Harry, que tenía los ojos desorbitados de placer, gimió y empezó a perder el ritmo, golpeando cada vez más rápido. Draco sabía que eso significaba que estaba al borde y eso lo catapultó a su propio orgasmo. Unos segundos después, su culo volvía a apretarse alrededor de la polla de Harry, esta vez involuntariamente, mientras Draco notaba cómo su corrida empapaba su vientre y pecho, manchando el de Harry también.
Harry se corrió cuatro o cinco penetraciones después, en una estocada particularmente fuerte que hizo que Draco clavase las uñas con placer en la espalda de Harry. Con cuidado, Harry se apoyó en los brazos para levantarse, pero Draco se lo impidió con las piernas, obligándole a quedarse en el sitio.
—No te muevas —le pidió Draco, acariciándole la cara y apartándole el pelo húmedo de sudor de la frente—. Me gusta cuando estamos así.
Harry asintió y se quedó quieto, sosteniendo parte de su peso en los codos para no asfixiarle.
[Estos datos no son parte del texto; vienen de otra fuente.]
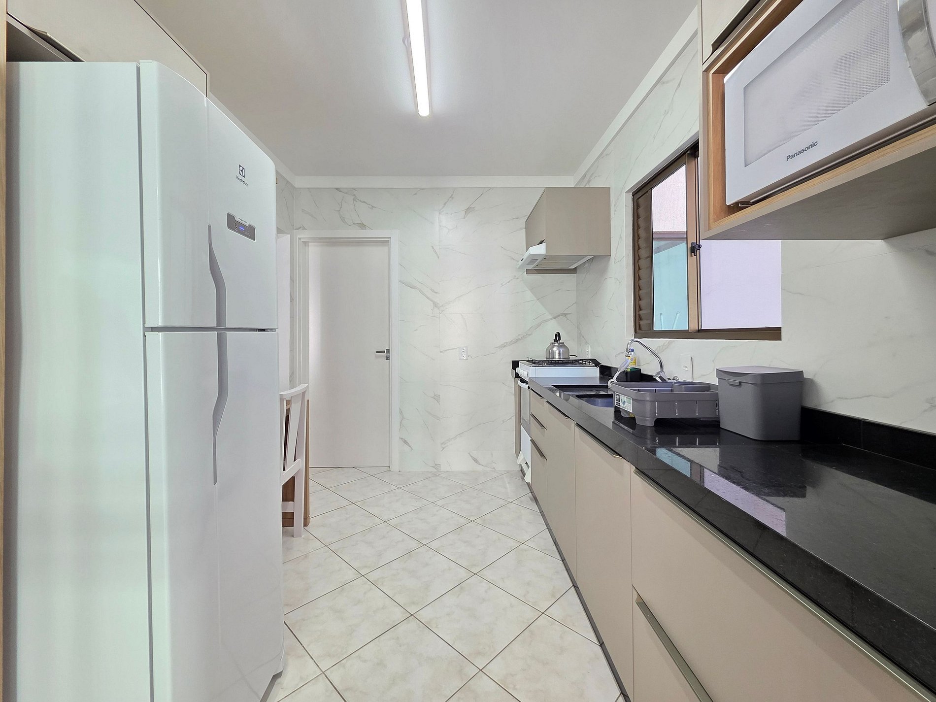 Cozinha completa com utensílios e louças para as refeições, microondas, forno, liquidificador, sanduicheira.
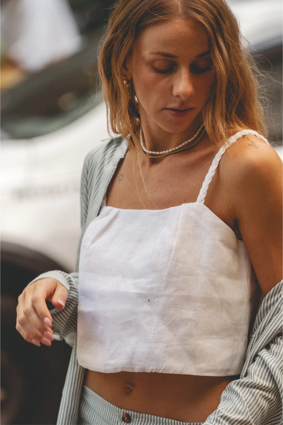 Cropped de alça fina trançada com o próprio tecido e decote reto.
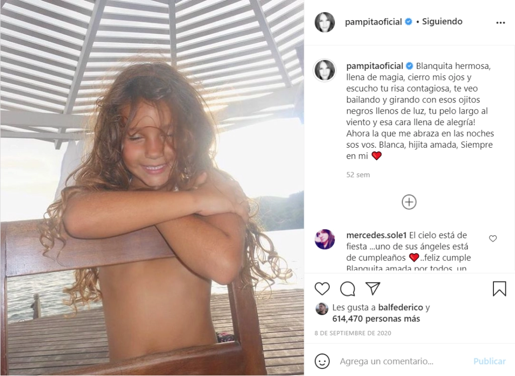 El año pasado Pampita recordó a su hija con un emotivo posteo, "cierro mis ojos y escucho tu risa contagiosa, te veo bailando y girando con esos ojitos negros llenos de luz, tu pelo largo al viento y esa cara llena de alegría!"..
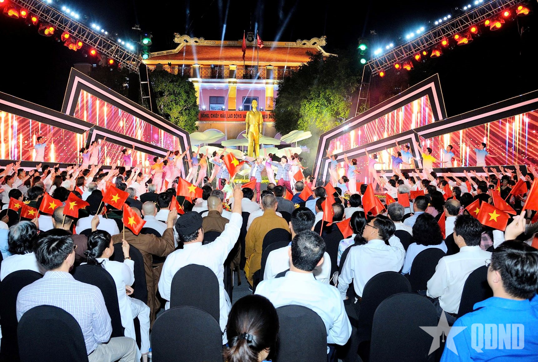 | การแสดงสด "แสงตะวันเจิดจรัส" เป็นการเฉลิมฉลองมาตุภูมิ ประเทศชาติ และความรู้สึกอันศักดิ์สิทธิ์ของประชาชนที่มีต่อประธานาธิบดีโฮจิมินห์ |

Draco podía sentir cómo su polla iba reduciéndose dentro de su culo y este iba ajustándose a su tamaño. Con languidez, Draco enterró las manos en el pelo de Harry y le beso, dejando que este le mordisquease y lamiese los labios.
—¿Qué quieres hacer hoy? —murmulló Harry, repartiendo algunos besos por su cara.
—Por lo pronto, ducharme y desayunar. ¿Te parece?
—Sólo si me prometes que luego me devolverás el favor. —El pene de Draco dio un tironcito ante la perspectiva.
—Por Merlín, Potter. Pareces un íncubo —protestó Draco débilmente, sonriendo.
—¿Entonces?
—Por supuesto que estaré encantado de devolverte el favor, Potter. —Le beso la punta de la nariz él.
Harry se levantó de encima de él y le dio un lametón en el pecho, recogiendo parte de su esencia antes de darle otro beso. Salió caminando hacia el cuarto de baño, guiñándole un ojo. Draco se levantó y le siguió inmediatamente.